- **What you are asked to do**
The material below is to be copied exactly from the line with "二日目は、一日目同様にグルー" up to and including the line with "特にこの「言われたことだけを", with nothing else kept and no pictures.

____________

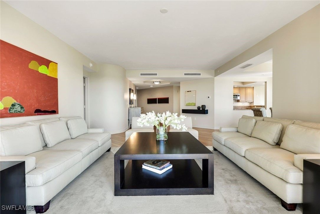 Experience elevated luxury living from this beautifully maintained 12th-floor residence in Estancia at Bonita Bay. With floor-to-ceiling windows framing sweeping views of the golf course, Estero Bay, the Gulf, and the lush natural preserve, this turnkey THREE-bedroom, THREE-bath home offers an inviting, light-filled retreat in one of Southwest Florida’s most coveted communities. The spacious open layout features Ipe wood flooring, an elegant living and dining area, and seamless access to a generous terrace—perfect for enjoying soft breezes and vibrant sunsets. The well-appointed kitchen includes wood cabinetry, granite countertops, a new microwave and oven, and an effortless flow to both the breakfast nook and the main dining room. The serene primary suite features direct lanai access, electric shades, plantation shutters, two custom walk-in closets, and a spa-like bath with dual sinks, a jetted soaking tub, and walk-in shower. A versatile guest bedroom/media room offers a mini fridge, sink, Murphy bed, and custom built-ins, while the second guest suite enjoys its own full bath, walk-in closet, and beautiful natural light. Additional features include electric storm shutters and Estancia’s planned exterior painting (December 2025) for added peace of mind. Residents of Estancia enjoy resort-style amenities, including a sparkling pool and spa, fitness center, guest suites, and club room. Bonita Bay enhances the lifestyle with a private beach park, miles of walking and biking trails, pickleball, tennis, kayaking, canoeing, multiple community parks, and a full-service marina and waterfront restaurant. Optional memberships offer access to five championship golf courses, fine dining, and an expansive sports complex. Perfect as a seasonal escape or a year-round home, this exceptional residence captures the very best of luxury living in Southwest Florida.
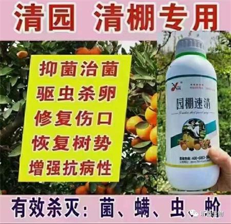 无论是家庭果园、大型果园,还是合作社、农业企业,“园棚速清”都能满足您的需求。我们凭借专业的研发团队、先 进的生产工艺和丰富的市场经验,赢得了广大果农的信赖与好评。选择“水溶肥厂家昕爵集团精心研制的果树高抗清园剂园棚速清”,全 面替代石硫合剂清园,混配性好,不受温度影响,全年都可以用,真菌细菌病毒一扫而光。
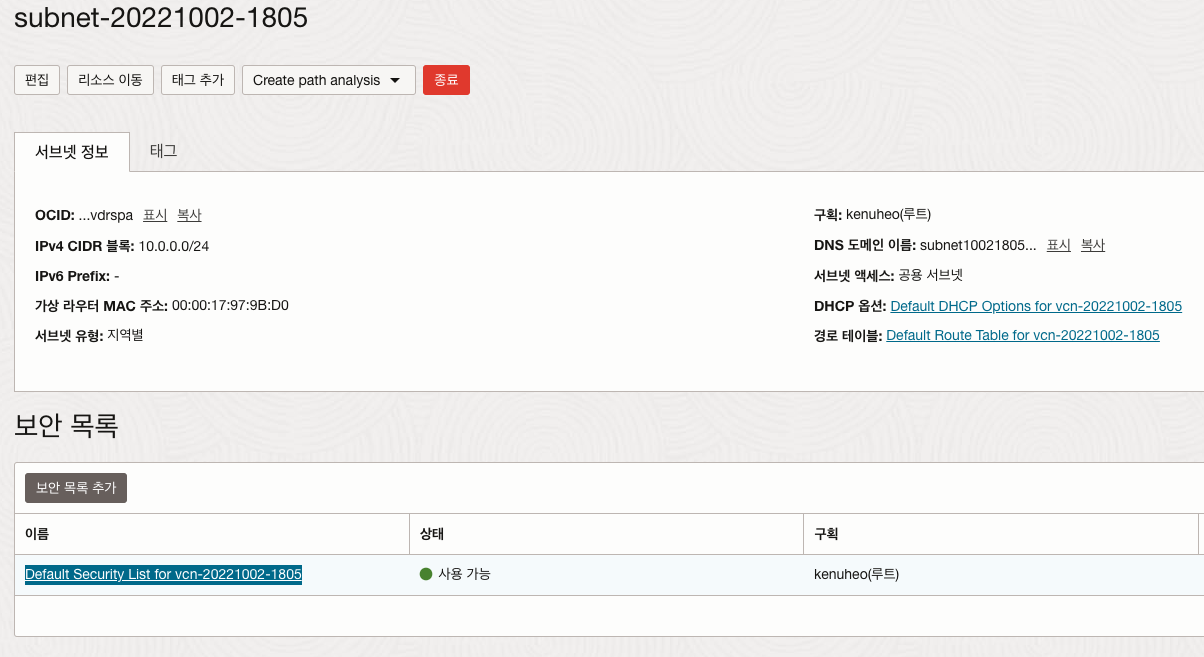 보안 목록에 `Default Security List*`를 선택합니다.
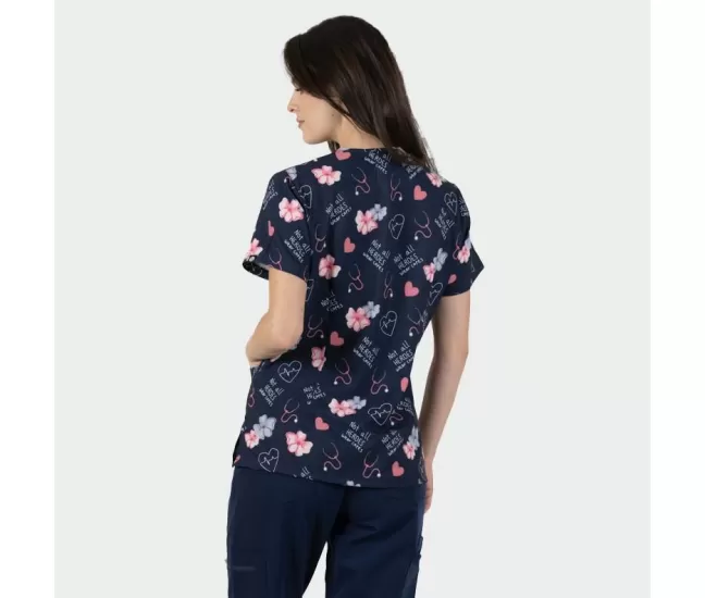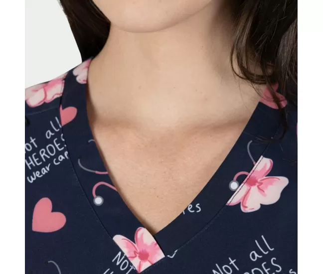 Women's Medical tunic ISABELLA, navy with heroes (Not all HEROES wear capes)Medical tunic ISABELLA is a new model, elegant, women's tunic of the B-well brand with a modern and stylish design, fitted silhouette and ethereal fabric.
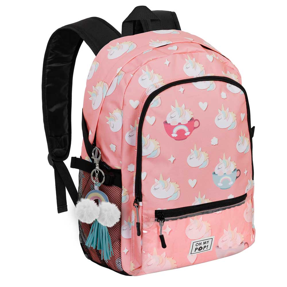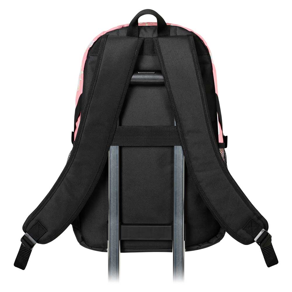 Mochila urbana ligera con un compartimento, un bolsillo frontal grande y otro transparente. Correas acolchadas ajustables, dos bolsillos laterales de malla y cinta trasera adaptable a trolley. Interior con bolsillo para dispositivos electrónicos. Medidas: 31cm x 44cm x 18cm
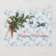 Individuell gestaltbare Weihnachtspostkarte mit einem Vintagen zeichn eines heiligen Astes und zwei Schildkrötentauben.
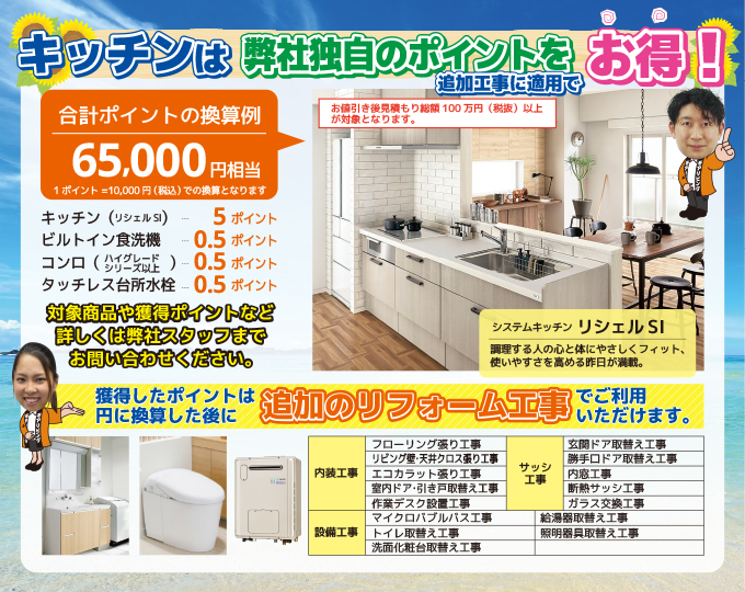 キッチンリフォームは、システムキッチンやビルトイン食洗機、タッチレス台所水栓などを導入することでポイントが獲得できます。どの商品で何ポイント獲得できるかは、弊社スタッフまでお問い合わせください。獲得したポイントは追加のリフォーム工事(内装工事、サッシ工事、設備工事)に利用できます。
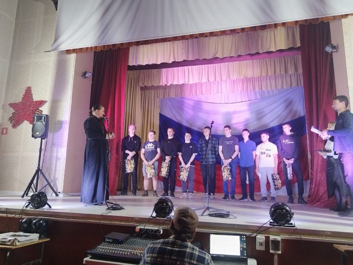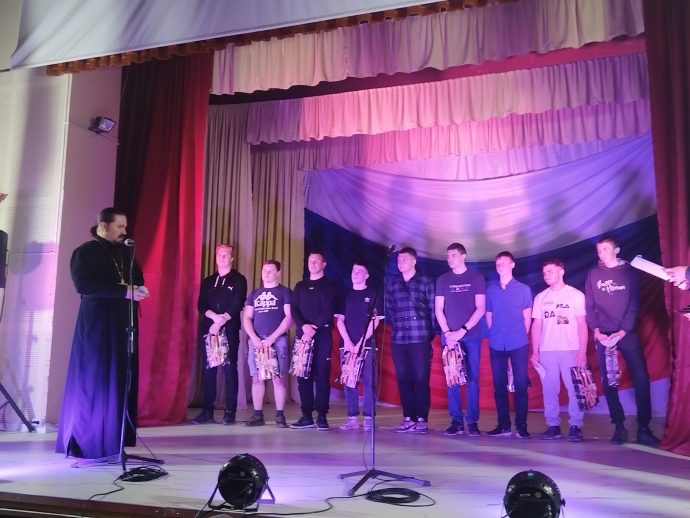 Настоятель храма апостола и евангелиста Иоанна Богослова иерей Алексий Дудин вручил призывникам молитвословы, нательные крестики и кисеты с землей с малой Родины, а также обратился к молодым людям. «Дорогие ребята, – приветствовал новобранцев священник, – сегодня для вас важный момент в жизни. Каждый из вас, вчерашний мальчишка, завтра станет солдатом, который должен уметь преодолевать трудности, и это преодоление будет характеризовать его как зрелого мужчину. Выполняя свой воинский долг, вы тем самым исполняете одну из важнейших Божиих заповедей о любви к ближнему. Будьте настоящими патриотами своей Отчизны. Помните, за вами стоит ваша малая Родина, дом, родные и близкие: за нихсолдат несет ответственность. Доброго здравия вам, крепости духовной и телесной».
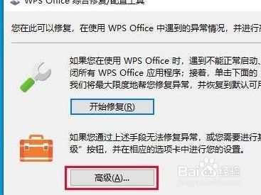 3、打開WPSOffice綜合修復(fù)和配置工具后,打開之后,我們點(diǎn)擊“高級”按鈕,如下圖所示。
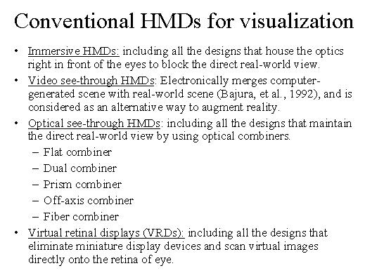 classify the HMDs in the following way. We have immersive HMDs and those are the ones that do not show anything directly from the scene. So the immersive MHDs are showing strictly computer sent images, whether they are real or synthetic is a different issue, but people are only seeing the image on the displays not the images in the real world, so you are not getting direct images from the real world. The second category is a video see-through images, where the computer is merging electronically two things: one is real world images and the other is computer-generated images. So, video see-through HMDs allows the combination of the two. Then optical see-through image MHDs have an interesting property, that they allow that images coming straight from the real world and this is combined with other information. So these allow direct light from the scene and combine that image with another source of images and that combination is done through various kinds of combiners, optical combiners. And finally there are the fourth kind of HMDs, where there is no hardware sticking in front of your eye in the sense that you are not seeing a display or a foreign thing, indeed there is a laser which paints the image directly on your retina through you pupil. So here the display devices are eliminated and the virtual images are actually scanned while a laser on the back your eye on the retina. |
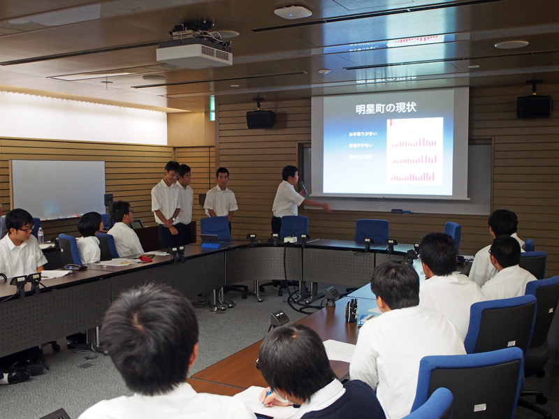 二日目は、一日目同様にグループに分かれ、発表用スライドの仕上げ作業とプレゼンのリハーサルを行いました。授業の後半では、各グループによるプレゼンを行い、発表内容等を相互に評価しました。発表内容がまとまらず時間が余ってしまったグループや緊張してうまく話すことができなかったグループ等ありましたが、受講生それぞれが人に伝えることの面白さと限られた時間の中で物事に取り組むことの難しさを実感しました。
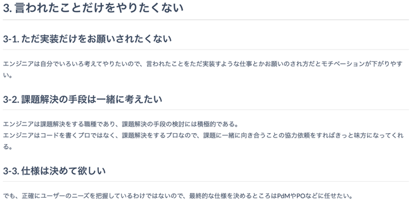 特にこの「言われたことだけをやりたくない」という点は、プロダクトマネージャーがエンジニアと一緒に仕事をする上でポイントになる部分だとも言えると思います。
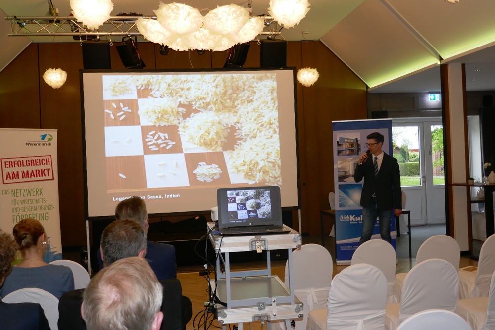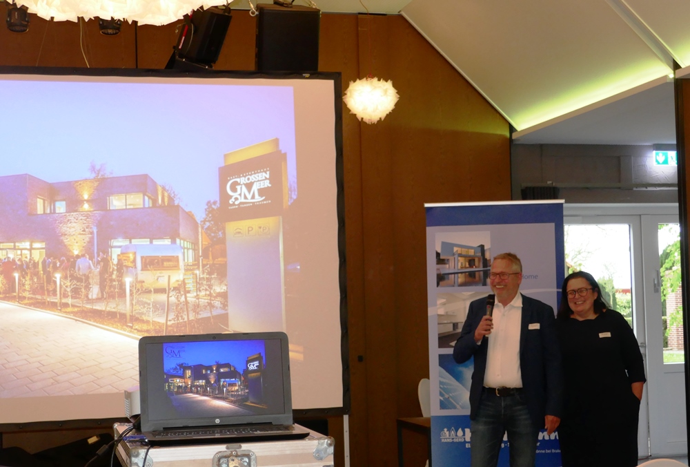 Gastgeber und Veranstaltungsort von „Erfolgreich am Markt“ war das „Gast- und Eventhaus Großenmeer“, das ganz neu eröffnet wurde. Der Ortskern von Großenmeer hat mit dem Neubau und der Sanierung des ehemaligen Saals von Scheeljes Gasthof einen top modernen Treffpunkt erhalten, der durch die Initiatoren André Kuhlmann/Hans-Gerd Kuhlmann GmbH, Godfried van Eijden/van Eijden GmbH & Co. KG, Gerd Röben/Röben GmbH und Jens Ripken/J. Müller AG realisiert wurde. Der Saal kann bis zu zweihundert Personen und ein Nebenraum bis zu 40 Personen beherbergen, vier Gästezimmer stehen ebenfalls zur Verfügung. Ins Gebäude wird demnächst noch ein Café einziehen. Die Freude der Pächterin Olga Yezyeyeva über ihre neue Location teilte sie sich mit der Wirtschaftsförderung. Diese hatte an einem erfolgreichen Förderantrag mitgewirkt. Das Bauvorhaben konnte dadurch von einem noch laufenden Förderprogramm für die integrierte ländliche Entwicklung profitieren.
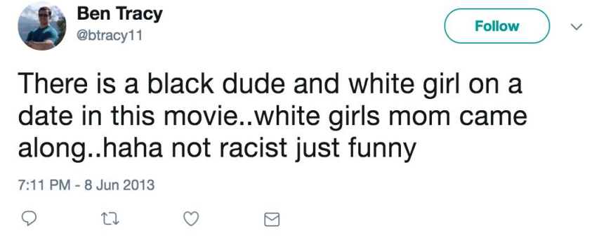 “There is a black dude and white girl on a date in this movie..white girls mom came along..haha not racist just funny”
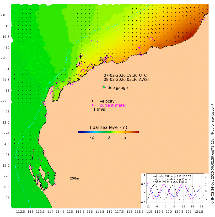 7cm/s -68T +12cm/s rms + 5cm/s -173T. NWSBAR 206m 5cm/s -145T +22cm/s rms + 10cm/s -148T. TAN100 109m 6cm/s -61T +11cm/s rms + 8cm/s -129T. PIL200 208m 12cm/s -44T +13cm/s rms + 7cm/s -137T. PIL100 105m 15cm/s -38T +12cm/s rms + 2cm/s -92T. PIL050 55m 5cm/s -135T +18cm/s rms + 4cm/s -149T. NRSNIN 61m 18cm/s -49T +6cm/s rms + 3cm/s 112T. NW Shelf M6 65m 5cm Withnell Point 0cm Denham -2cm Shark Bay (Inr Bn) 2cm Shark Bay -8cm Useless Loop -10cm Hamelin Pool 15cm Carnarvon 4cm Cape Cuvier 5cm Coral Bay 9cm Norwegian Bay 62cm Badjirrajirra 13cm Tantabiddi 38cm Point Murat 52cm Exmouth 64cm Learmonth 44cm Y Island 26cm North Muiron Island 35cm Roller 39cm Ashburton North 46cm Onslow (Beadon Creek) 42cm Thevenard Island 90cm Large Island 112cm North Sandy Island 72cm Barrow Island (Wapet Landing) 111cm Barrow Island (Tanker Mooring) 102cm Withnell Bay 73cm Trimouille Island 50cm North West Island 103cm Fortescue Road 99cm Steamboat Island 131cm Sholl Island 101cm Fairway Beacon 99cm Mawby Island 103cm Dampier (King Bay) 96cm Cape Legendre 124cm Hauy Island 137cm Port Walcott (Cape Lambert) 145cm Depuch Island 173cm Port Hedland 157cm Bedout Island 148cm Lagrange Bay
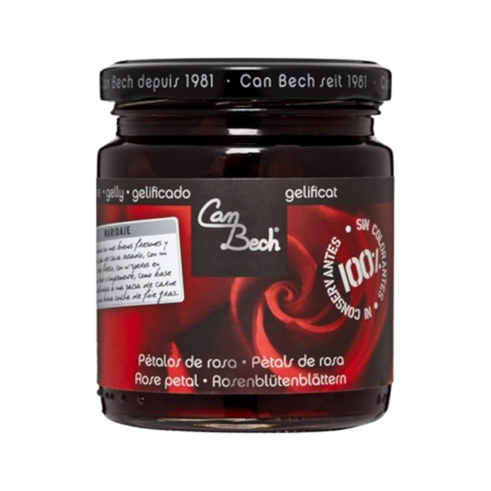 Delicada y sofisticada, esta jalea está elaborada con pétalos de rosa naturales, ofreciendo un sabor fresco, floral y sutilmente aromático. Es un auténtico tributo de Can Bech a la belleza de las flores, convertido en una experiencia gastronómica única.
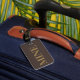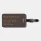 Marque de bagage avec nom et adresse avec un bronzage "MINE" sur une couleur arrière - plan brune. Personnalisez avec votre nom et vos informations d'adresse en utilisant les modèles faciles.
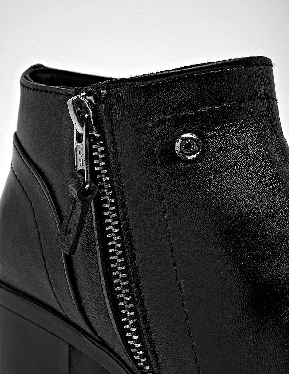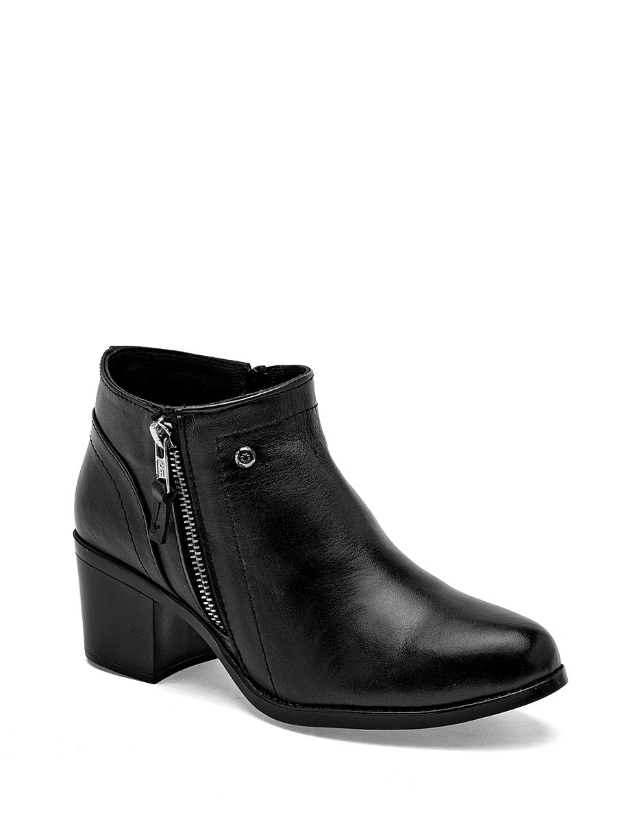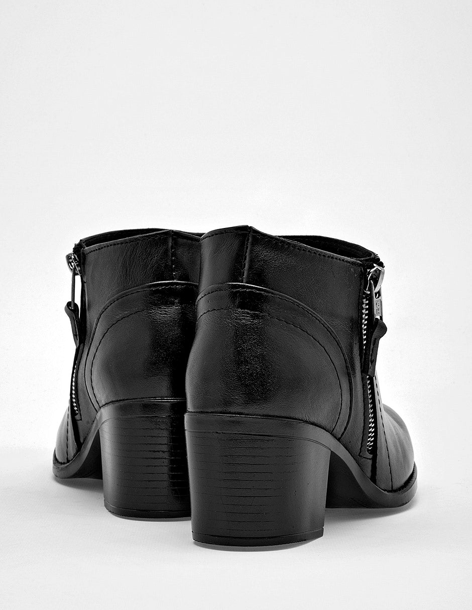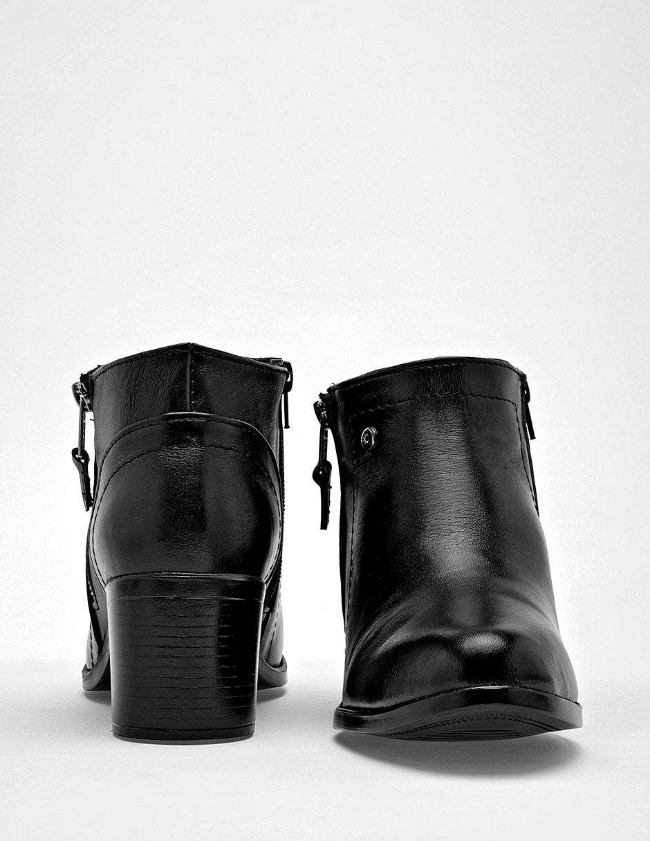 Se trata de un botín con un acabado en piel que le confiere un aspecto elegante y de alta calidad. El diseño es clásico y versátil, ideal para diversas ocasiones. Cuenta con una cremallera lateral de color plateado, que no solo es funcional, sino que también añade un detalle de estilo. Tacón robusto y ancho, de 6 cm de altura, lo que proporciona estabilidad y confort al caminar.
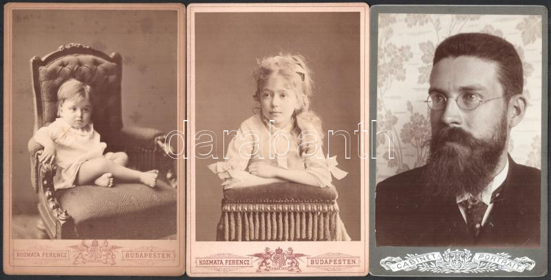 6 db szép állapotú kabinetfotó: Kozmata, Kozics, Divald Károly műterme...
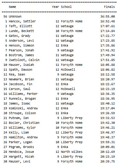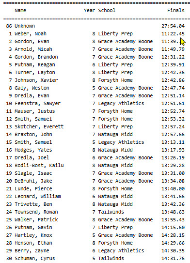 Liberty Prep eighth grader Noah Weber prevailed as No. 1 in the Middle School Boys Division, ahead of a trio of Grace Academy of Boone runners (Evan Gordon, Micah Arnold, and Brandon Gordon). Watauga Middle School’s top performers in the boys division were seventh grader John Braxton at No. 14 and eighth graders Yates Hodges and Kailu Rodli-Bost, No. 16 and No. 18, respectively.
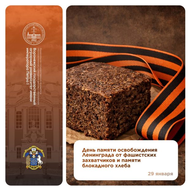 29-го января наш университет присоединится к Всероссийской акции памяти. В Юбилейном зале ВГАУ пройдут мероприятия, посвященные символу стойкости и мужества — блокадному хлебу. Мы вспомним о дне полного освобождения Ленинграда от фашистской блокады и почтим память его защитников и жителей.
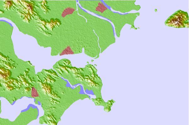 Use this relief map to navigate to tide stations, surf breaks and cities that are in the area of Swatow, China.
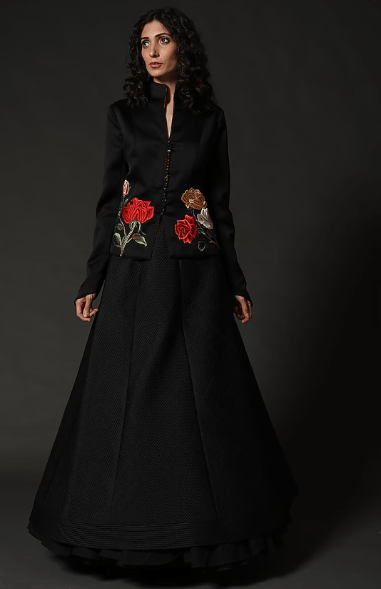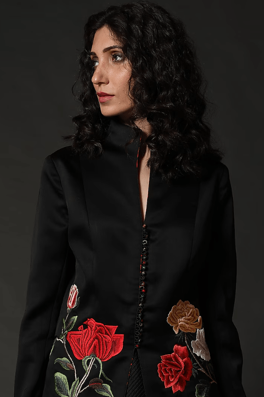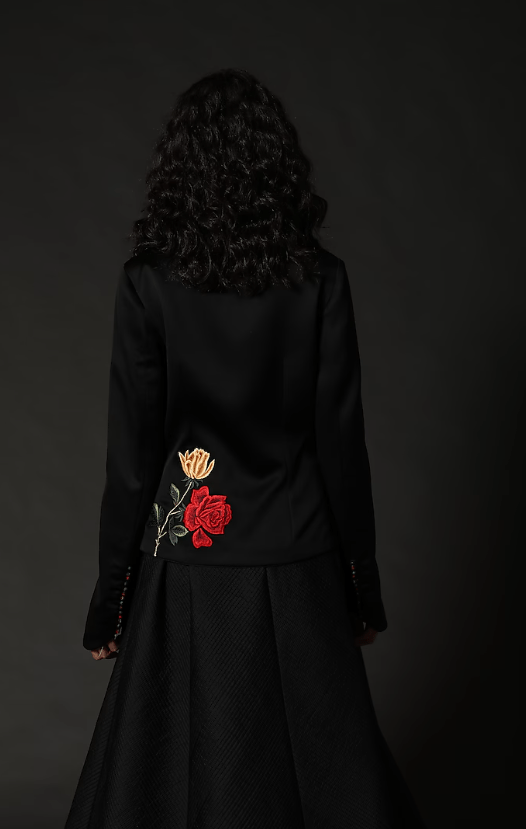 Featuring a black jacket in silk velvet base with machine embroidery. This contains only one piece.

____________

- **Answer box**
 二日目は、一日目同様にグループに分かれ、発表用スライドの仕上げ作業とプレゼンのリハーサルを行いました。授業の後半では、各グループによるプレゼンを行い、発表内容等を相互に評価しました。発表内容がまとまらず時間が余ってしまったグループや緊張してうまく話すことができなかったグループ等ありましたが、受講生それぞれが人に伝えることの面白さと限られた時間の中で物事に取り組むことの難しさを実感しました。
 特にこの「言われたことだけをやりたくない」という点は、プロダクトマネージャーがエンジニアと一緒に仕事をする上でポイントになる部分だとも言えると思います。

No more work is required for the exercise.